If I'm understanding you correctly, that's not quite how it works. Film is made of a stack of layers as shown here.
Speaking broadly, we can discuss only three layers, the red, green, and blue sensitive emulsions.
When light passes through them in the "correct" direction, the blue sensitive emulsion absorbs the highest wavelengths of light, while the lower wavelengths pass through. The same applies to the green and red layers.
These subsequent layers are not desensitized to higher wavelengths though, the higher wavelengths have been removed by the previous layers. In the case of blue light, an extra yellow filter is included to absorb the excess high-energy light.

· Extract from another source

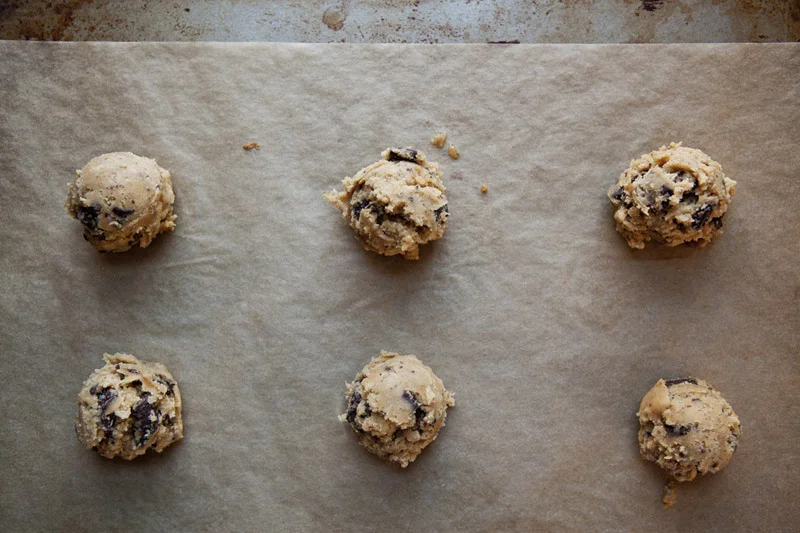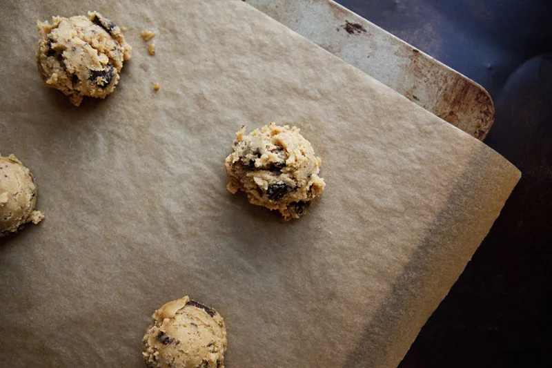 Remove dough from the refridgerator and drop melon-baller sized dough onto the parchment paper, about 3 inches apart. I like to bake 9 at a time, just to be safe.

When you shoot through the film back to front, the highly sensitive red layer will react to all wavelengths of light. In turn, the green layer will react to green and blue light, and once it passes through the filters, the remaining blue light will expose the blue layer.
The total amount of light is reduced as it passes through the layers as well, so the green layer gets half the light the red layer received, and the blue layer about half of that.
This leaves the green and blue layers underexposed. By shooting at a higher iso, you overexpose the red layer—usually to the point where it maxes out—allowing you to increase the relative exposure of the remaining layers resulting in different color effects.
This is merely a rough emulation of redscale, but it demonstrates the distinctive "yellow shifting" as the ISO increases (each panel has been push processed the respective number of stops).